Lo stesso Lucio Fontana approderà in Italia dall’Argentina con il suo Manifesto Blanco (1946) sotto il braccio, ridefinendo un’arte nuova, slegata dai canoni classici di pittura e scultura, in questo seguendo da vicino il Polimaterismo di Prampolini, pubblicato nel 1944 sulle suggestioni del Manifesto della Scultura Futurista di Boccioni, datato 1912, cui lo stresso Fontana tributerà la primogenitura delle sue intuizioni. Centrale poi la stagione del Bauhaus, condotto da artisti-docenti come Klee, Kandinskij, Itten, l’irrinunciabile Josef Albers, che formerà generazioni di artisti in America del calibro di Newman e Rauschenberg; Arshile Gorky che sarà la coscienza critica degli Irascibili, gli espressionisti astratti che domineranno la scena per decenni. E Francis Bacon esporrà per la prima volta nello spazio espositivo autogestito di Graham Sutherland. La storia dell’arte dei nostri tempi racconta come i passaggi epocali del Novecento siano stati guidati dalle opere e dai contributi teorici degli artisti, attualizzando un filo conduttore diretto tra il concepimento e la realizzazione dell’opera e il suo posizionamento critico-storiografico, in cui l’opera e l’artista sono autonomamente il centro della scena e non certo marginalizzati.

La critica tout court ha naturalmente svolto un ruolo, ma oggettivamente complementare e quindi non concorrente. Ma anche trattando dell’attività dei grandi galleristi, le due mostre potenzialmente seminali, per l’attuale orientamento – anche mercantile – contemporaneo sono probabilmente Arte abitabile, del giugno 1966, realizzata a Torino dal visionario Gian Enzo Sperone e Fuoco Immagine Acqua Terra, del giugno del 1967, concepita a Roma da Fabio Sargentini, entrambe precedenti alla stagione critica “militante” inaugurata da Celant e Bonito Oliva.

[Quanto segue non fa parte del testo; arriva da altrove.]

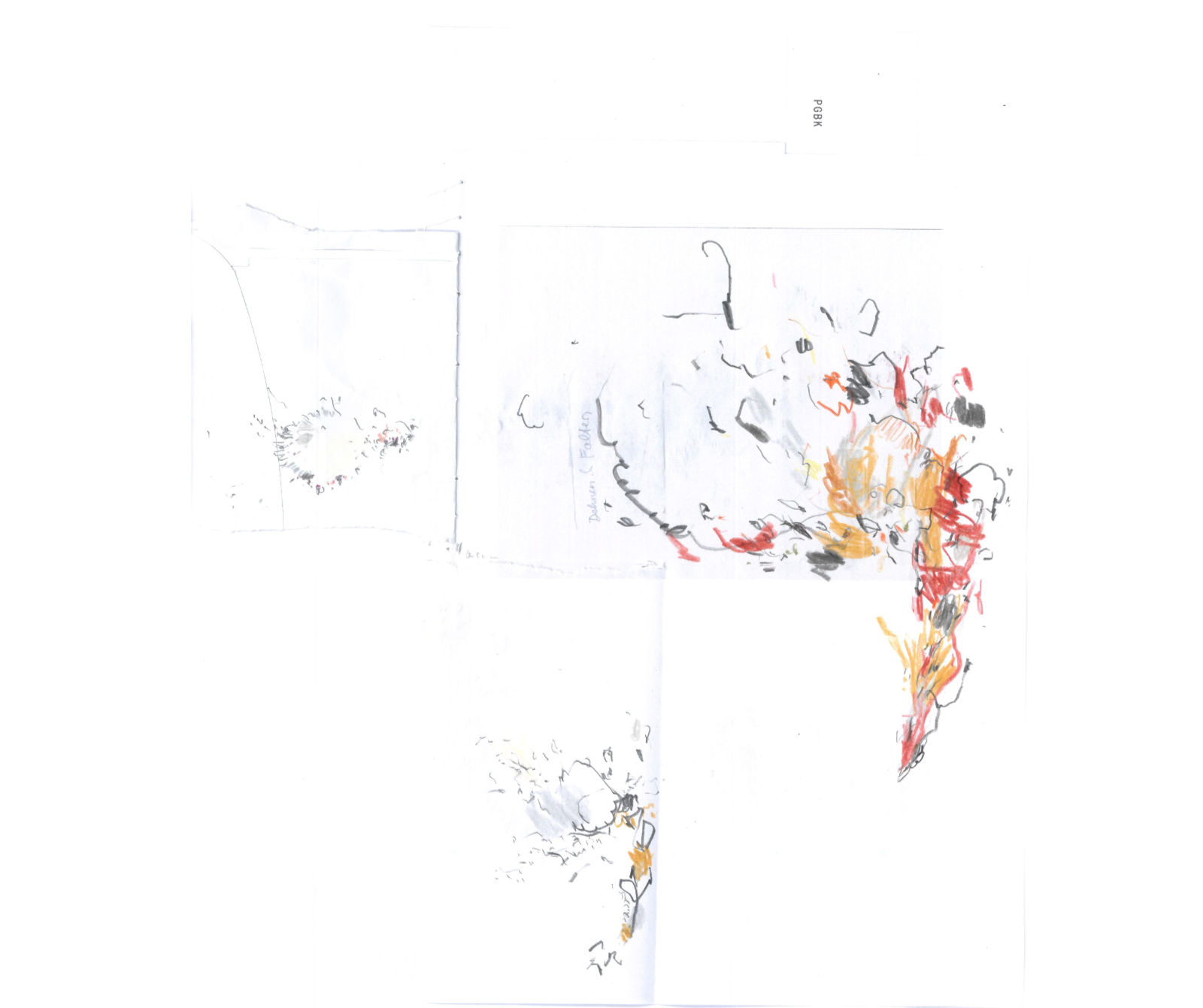 Zeichenheft 2025, Heft selbst gebunden, Buntstiftzeichnungen, 32 x 49 cm

Critica non certo considerata benevolmente nemmeno dai grandi pensatori del Novecento, se Hans Georg Gadamer – con Baudrillard, Virilio, Debord, Reale, Clair, Lipovetsky, Perniola e molti altri – ultracentenaria coscienza filosofica del Novecento, già allievo di Martin Heidegger, in un’intervista di Klaus Davi del 1987, si esprimerà con molta durezza: “Temo che la critica non mai stata in grado di comprendere veramente l’arte”, amplificando il pensiero di uno dei suoi allievi, Gottfried Boehm, convinto che: “I critici non sappiano fare altro che imporre un loro codice interpretativo, rigido e deterministico, distorcendo, se non proprio deturpando, i significati delle opere che pretendono di criticare”.

L’opera vive una vita propria che le deriva direttamente dal suo essere creazione, e separa il tempo del prima da quello del poi, come del resto sanno tutti, naturalmente.